Lina hielt es für angemessen, das Thema nicht zu vertiefen. In ihrem inneren Chaos aus dem eben noch empfundenen Hochgefühl und dem jetzigen Schmerz, der sie wie ein Schlag in den Magen getroffen hatte, wusste sie einfach nicht das Richtige zu sagen. Sie hatte sich selten so hilflos gefühlt wie beim Anblick ihrer leidenden Freundin, und diese wusste mit ihrem hilflos hervorgebrachten Gestammel nichts anzufangen. Zu tief versank sie in ihrem Schmerz. Sie hatte Klaus geliebt. Seit die beiden vor einem Jahr den Bund der Ehe eingegangen waren, waren sie eine perfekte Einheit gewesen; voll Zuneigung, Aufmerksamkeit und Fürsorge, dabei großherzig anderen Menschen gegenüber und unerschütterlich treu.

»Margarete, es tut mir unendlich leid. Kann ich etwas für dich tun?«

»Geh einfach! Geh und genieß dein Glück mit Anton«, erwiderte Margarete kalt.

Erschrocken und tief besorgt musterte Lina ihre langjährige Freundin. Diese blickte an ihr vorbei, schien einen Fixpunkt in dem spartanisch eingerichteten Raum anzustarren und wirkte völlig in sich selbst versunken.

Lina erhob sich schwerfällig, ging aber nicht zu Anton in den Flur, sondern ins Wohnzimmer, wo sie Margaretes Mutter weinend vorfand. Frau Pfister stand vor einer Butzenglasscheibe und die Sonne malte gelbe und blaue Farben auf ihr tränenüberströmtes Gesicht.

»Mein Beileid, Frau Pfister. Margarete ist ganz aufgelöst. Kann ich irgendetwas tun?«

»Danke, Fräulein Lina. Wir stehen alle unter Schock. Klaus war ein so guter Mann. Er war einfach perfekt für unsere Margarete. Sein Verlust ist schrecklich. Haben Sie bitte ein wenig Geduld mit ihr.« Sie lehnte die Stirn gegen einen blauen Kreis auf dem farbigen Fenster und schien Lina komplett zu vergessen.

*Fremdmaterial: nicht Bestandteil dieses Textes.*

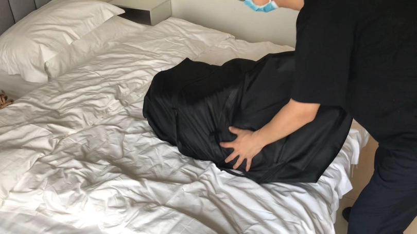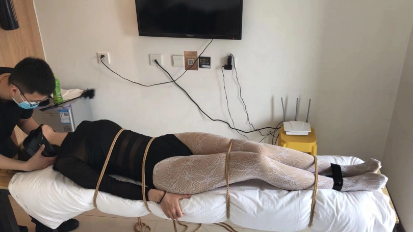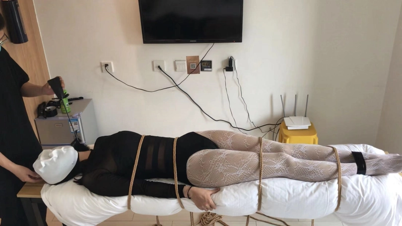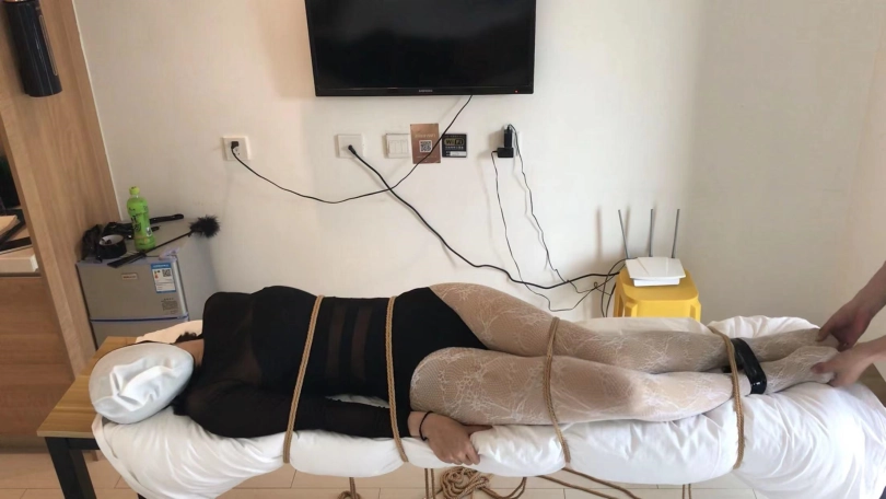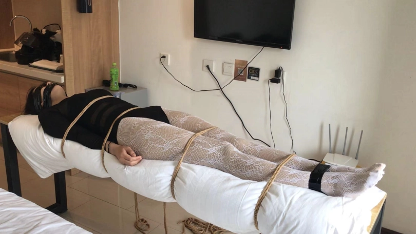 3、绑在长条桌子上呼吸kz,乳胶泳帽正面套,一鼓一瘪太诱惑,少量洒水刺激,热水和凉水换着倒,小周无助挣扎,刺激感上天!
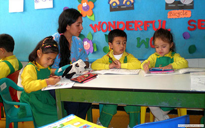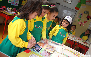 Aula interactiva donde niños y niñas hacen uso de la tecnología como un medio de aprendizaje divertido y atractivo.
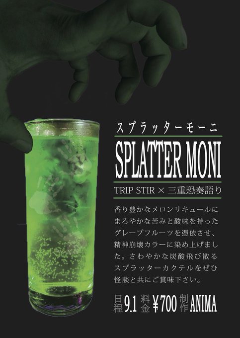ご予約はリプライかDMでお待ちしています 精神崩壊カラーのカクテル スプラッターモーニもどうぞ……

Margarete hielt sich nicht mehr im Esszimmer auf, und Lina spürte einen Anflug von Erleichterung. Es fiel ihr unsagbar schwer, die richtigen Worte für die leidende Freundin zu finden. Noch nie zuvor, zumindest seit dem frühen Tod ihrer Mutter, hatten sie und Margarete in ihrem wohlbehüteten Leben derart Schreckliches durchmachen müssen.

Unschlüssig, was sie tun sollte, schaute sie sich in dem verlassenen Raum mit seiner weißen Stuckdecke um. Lina seufzte leise. Heute war ihr Hochzeitstag. Im Grunde wollte sie jubeln und feiern und ein paar wunderbare Stunden mit Anton verbringen. Doch nun war jegliches Hochgefühl in ihr verflogen, entschwunden wie die Zugvögel im Herbst, und hatte dunkler Traurigkeit Platz gemacht.

Antons besorgter Blick löste die Tränen in ihr. Sie ließ sich in seine Arme fallen und weinte um den Verlust eines Freundes und über den Schmerz, den ihre Freundin nun aushalten musste. Die düstere Ahnung, dass es nicht bei diesem einen Todesfall innerhalb ihres Verwandten- und Bekanntenkreises bleiben würde, ließ sie erzittern.